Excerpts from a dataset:
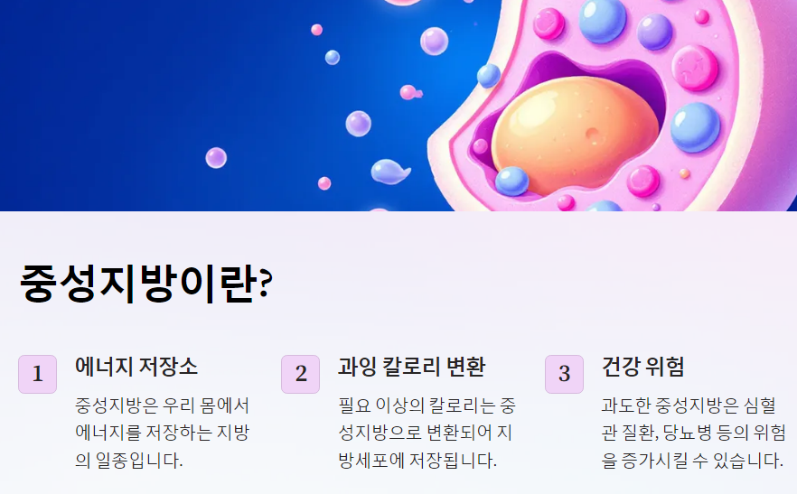 중성지방은 우리 몸에서 중요한 역할을 하지만, 수치가 높아지면 여러 건강 문제를 유발할 수 있습니다. 이번 포스팅에서는 중성지방에 대한 기본적인 이해부터 시작하여, 정상 수치, 높아지는 원인, 그리고 이를 낮추기 위한 다양한 방법에 대해 알아보겠습니다.
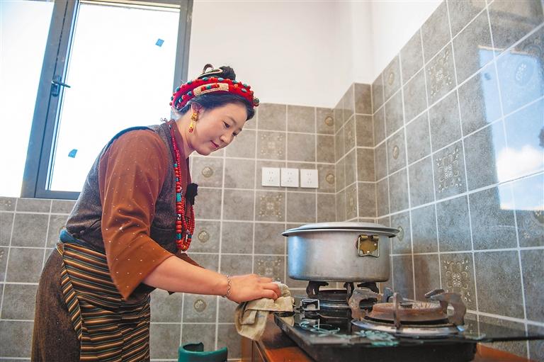 定結(jié)縣乃村村民在新房?jī)?nèi)收拾廚房。記者 旦增嘎瓦 攝
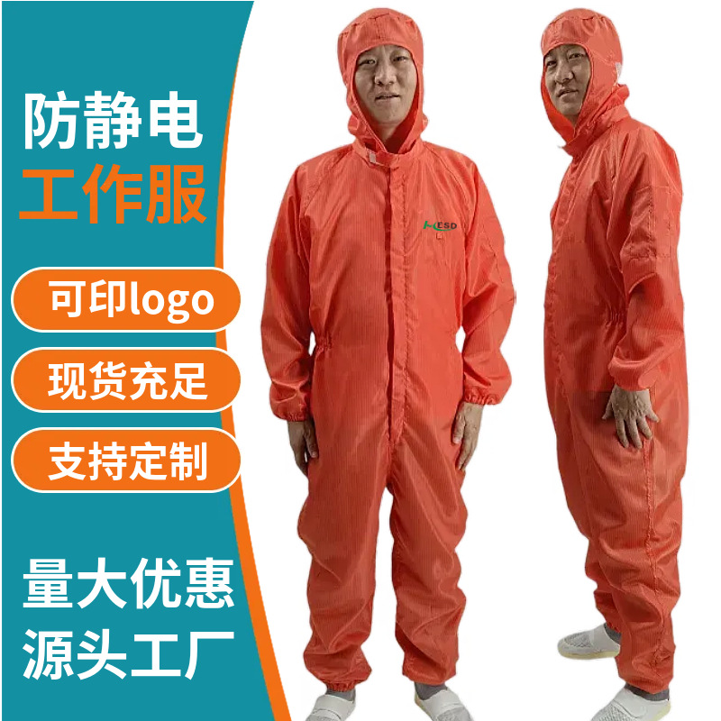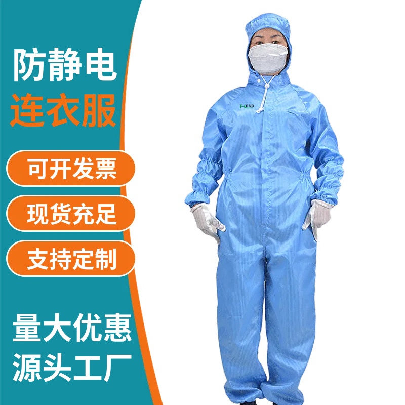 芯片厂魔术贴连帽连体服 防尘防静电服 三连体防静电工作服
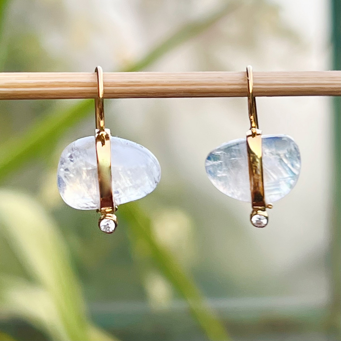 Alluring cabochon moonstones wraped in a 14kt gold band accented with a zirkon stone.
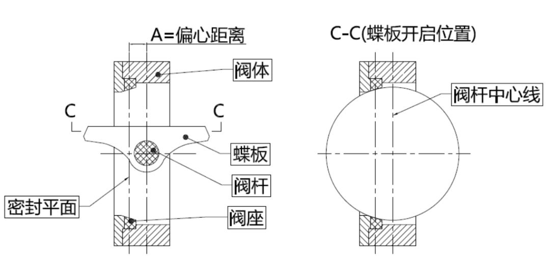 蝶板的閥桿中心與蝶板密封截面按A偏心設計,蝶閥在開啟過程中,蝶板密封面逐漸脫離閥座密封面;
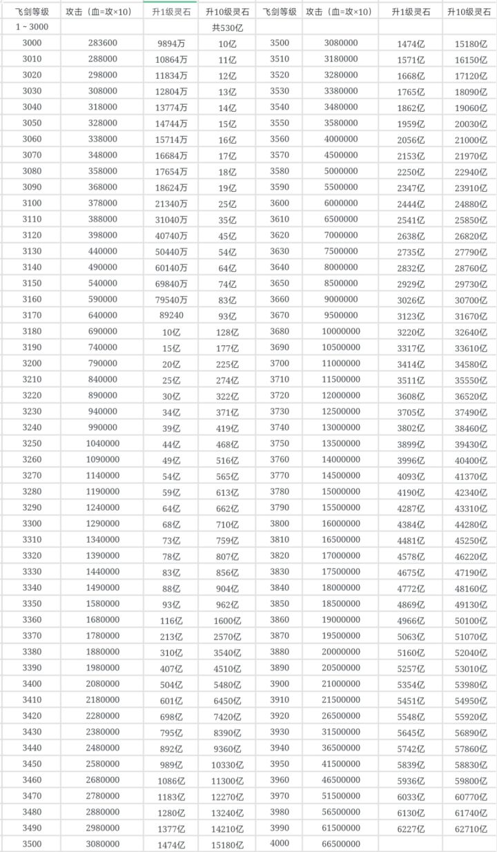 一、飞剑3000~4000级二、神器部分等级三、vip各级经验四、肾天人/天神/古神/虚神
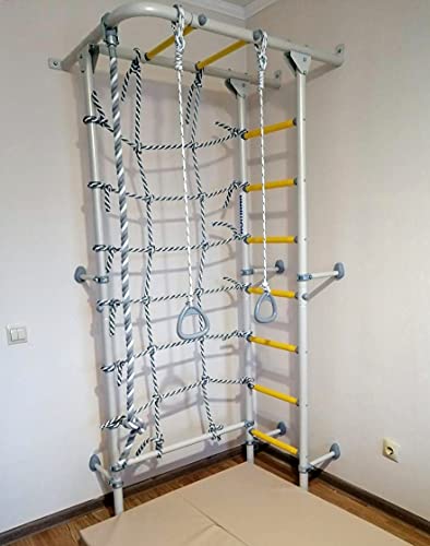 Barra da parete Comet Next 4 argento-giallo, montaggio a parete scala svedese, barrette scimmie, rete da arrampicata
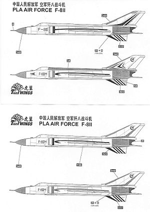 There is one scheme for the F-8II demonstrator and three schemes for the F-8IIM demonstrator aircraft. The F-8IIM is the export version of the F-8II and both of them are externally the same. As you can see from the sheets to the left, the demonstrator aircraft are quite colorful. Not shown are the diagrams for wing colors and the scheme for operational aircraft.
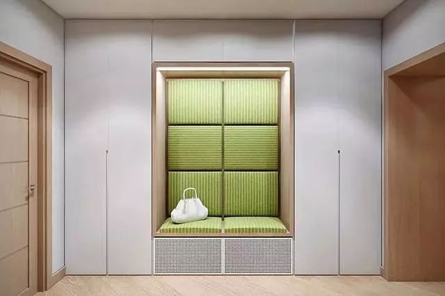 如果鞋子很多,首先要考虑顶天立地式的嵌入式壁柜,不仅可以用来收纳鞋子、外出穿的衣服,还可以加入换鞋凳、景观台等,功能非常强大。
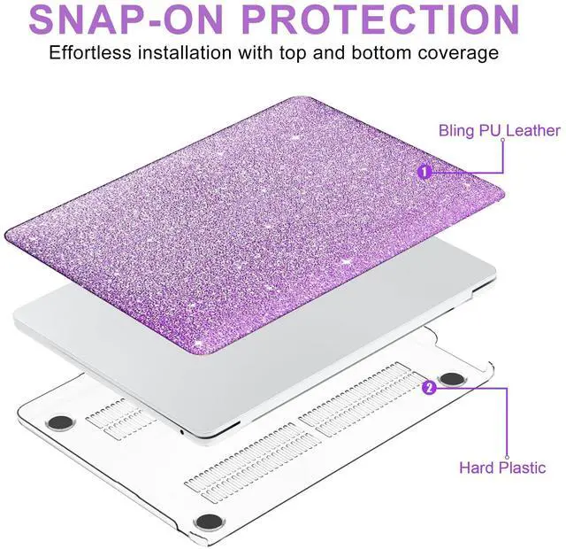 Case Only compatible with Newest MacBook Air 13.6 inch 2025 2024 2023 2022 Release M4 M3 M2 Chip with Liquid Retina Display & Touch ID (Model: A3240 A3113 A2681). Please kindly check the model number "A3XX" on the back of the laptop before your purchase. Not compatible with other MacBook models ^^ Made of bling premium PU leather coating durable plastic to provide your Laptop with great all round protection. Compact design matching flash shining purple color with comfortable touching make your device fashionable and attractive ^^ Cut out design, Logo shine through from the top case. Full access to all buttons and features. Snap on design, easy to put on and snap off. All ports are accessible without removing the case ^^ The perfectly matched vent slots in the bottom girly case to keep your laptop cool. Tailored for macbook air m4 13 inch case, four rubberized feet keep your device firmly in place ^^ Including 1 shining purple top case, 1 matte clear bottom case and 1 purple keyboard cover. If you have concerns about the products quality, our customer support team is ready to help with any issues or questions
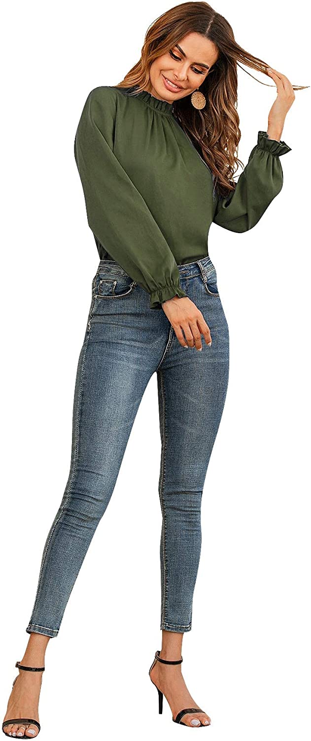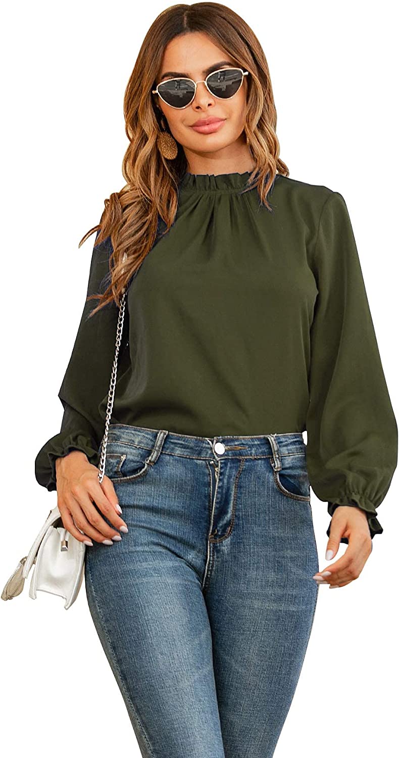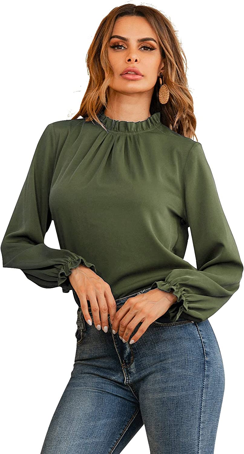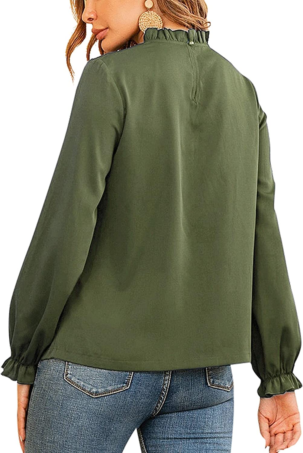 LYANER Women's Frill Mock Neck Flounce Long Sleeve Solid Blouse Office Shirt Top
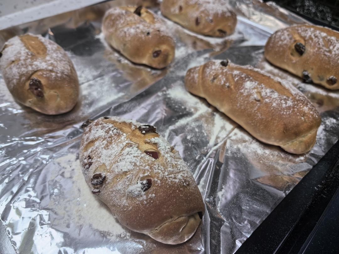 没减糖,果干用的是每日坚果里的葡萄干+蔓越莓干+黑加仑干,总共30g,但还是觉得有点甜了。
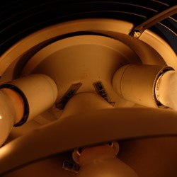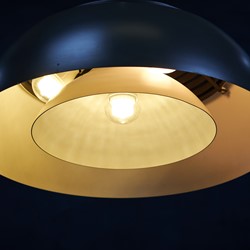Grey lacquered metal shade with a white lacquered inner shade that diffuses the light and makes it very suitable above a dining table. It provides a great light.

What is required: The lines above starting at the one that holds "芯片厂魔术贴连帽连体服 防尘防静电服 三连体防静电工作服" and ending at the one that holds "Barra da parete" are to be written out exactly, ends included, and no pictures are to be copied.

Answer box:
 芯片厂魔术贴连帽连体服 防尘防静电服 三连体防静电工作服
 Alluring cabochon moonstones wraped in a 14kt gold band accented with a zirkon stone.
 蝶板的閥桿中心與蝶板密封截面按A偏心設計,蝶閥在開啟過程中,蝶板密封面逐漸脫離閥座密封面;
 一、飞剑3000~4000级二、神器部分等级三、vip各级经验四、肾天人/天神/古神/虚神
 Barra da parete Comet Next 4 argento-giallo, montaggio a parete scala svedese, barrette scimmie, rete da arrampicata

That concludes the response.